DATASET SECTION:
──────

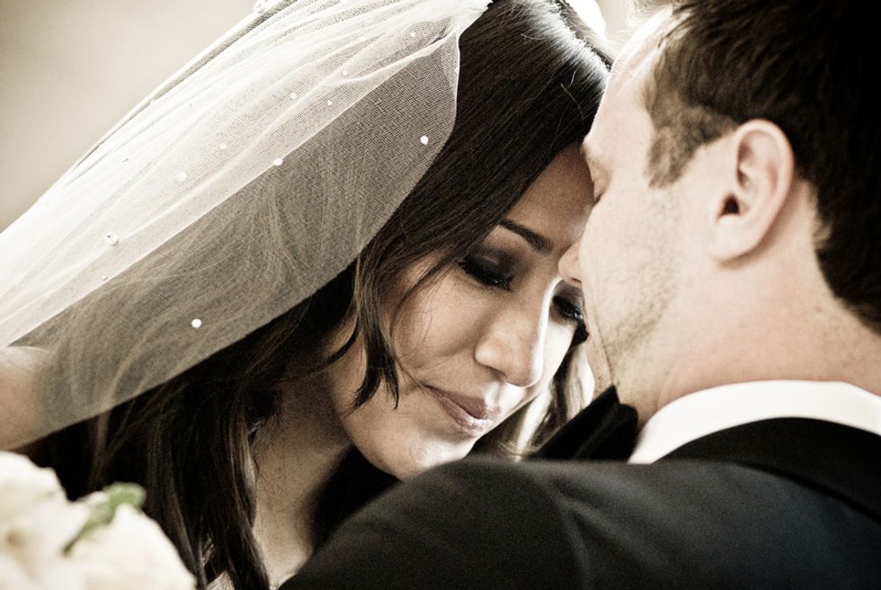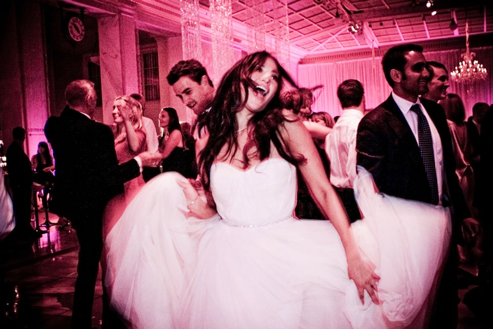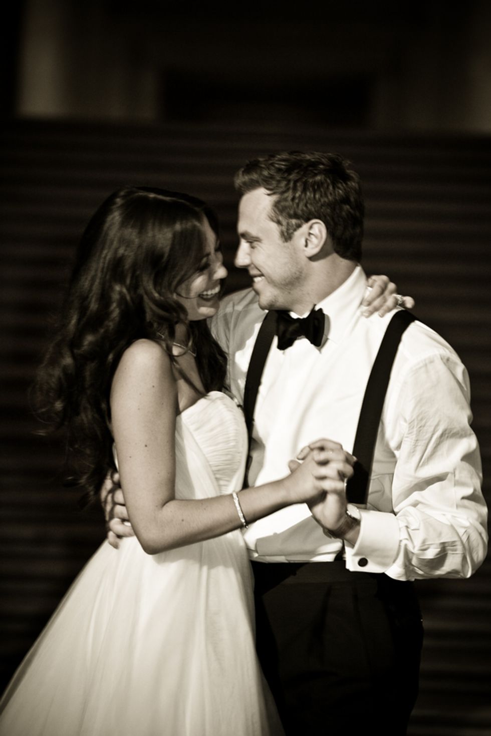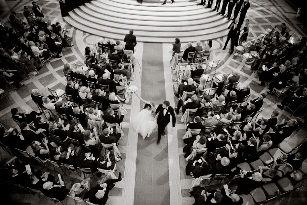 In a strapless Reem Acra gown banded with Swarovski crystals and a crystal-accented veil, Jessica walked down the stairs escorted by her father, as a soprano sang Ave Maria. After the ceremony, guests were invited to the Mezzanine for cocktails & a variety of passed hors d'oeuvres.
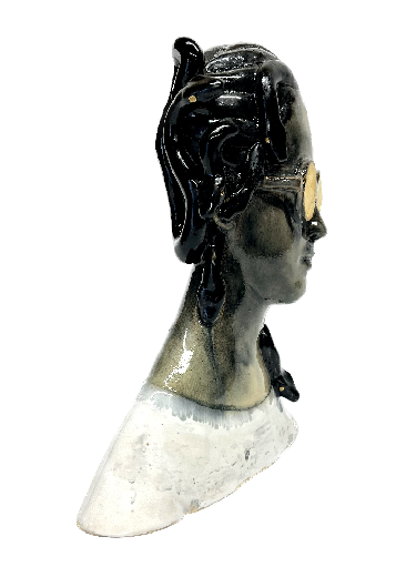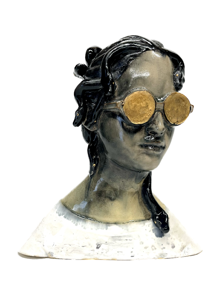 陶やテラコッタを主な素材として用い、実体と表層、意識と無意識、ペルソナとアニマなど相対する2つの価値観を行き来するような造形を目指し制作しています。人として生きていく上で抱えざるを得ない矛盾やズレへと向かう表現を人体という古典的、かつ普遍的なモチーフを用いて探求しています。空間や質量の中に歪みやズレを取り込みながら制作することで彫刻という実存感が強いメディアに曖昧さや割り切れなさを含ませようとしています。鑑賞者が正面を探し、不安定に立ち上がる立体の周りを歩き回ることで、「存在する」ことと「見る」という行為の間に横たわる断絶について思索を巡らせるような表現を試みています。
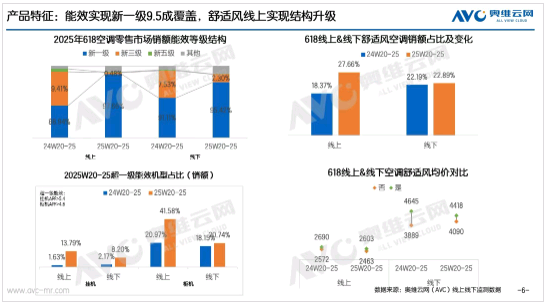 从产品结构特征来看,产品能效升级全面普及。根据奥维云网统计数据显示,2025年618期间,新一级能效产品线上线下占比均超95%。此外,618期间,舒适风产品在线上渠道渗透率显著上升,据奥维云网统计数据显示,25年618期间,舒适风空调在线上市场的销额占比提升至27.66%。

──────

DESCRIPTION OF THE TASK: With the pictures excluded, restate the material exactly as it stands.

SOLUTION:
 In a strapless Reem Acra gown banded with Swarovski crystals and a crystal-accented veil, Jessica walked down the stairs escorted by her father, as a soprano sang Ave Maria. After the ceremony, guests were invited to the Mezzanine for cocktails & a variety of passed hors d'oeuvres.
 陶やテラコッタを主な素材として用い、実体と表層、意識と無意識、ペルソナとアニマなど相対する2つの価値観を行き来するような造形を目指し制作しています。人として生きていく上で抱えざるを得ない矛盾やズレへと向かう表現を人体という古典的、かつ普遍的なモチーフを用いて探求しています。空間や質量の中に歪みやズレを取り込みながら制作することで彫刻という実存感が強いメディアに曖昧さや割り切れなさを含ませようとしています。鑑賞者が正面を探し、不安定に立ち上がる立体の周りを歩き回ることで、「存在する」ことと「見る」という行為の間に横たわる断絶について思索を巡らせるような表現を試みています。
 从产品结构特征来看,产品能效升级全面普及。根据奥维云网统计数据显示,2025年618期间,新一级能效产品线上线下占比均超95%。此外,618期间,舒适风产品在线上渠道渗透率显著上升,据奥维云网统计数据显示,25年618期间,舒适风空调在线上市场的销额占比提升至27.66%。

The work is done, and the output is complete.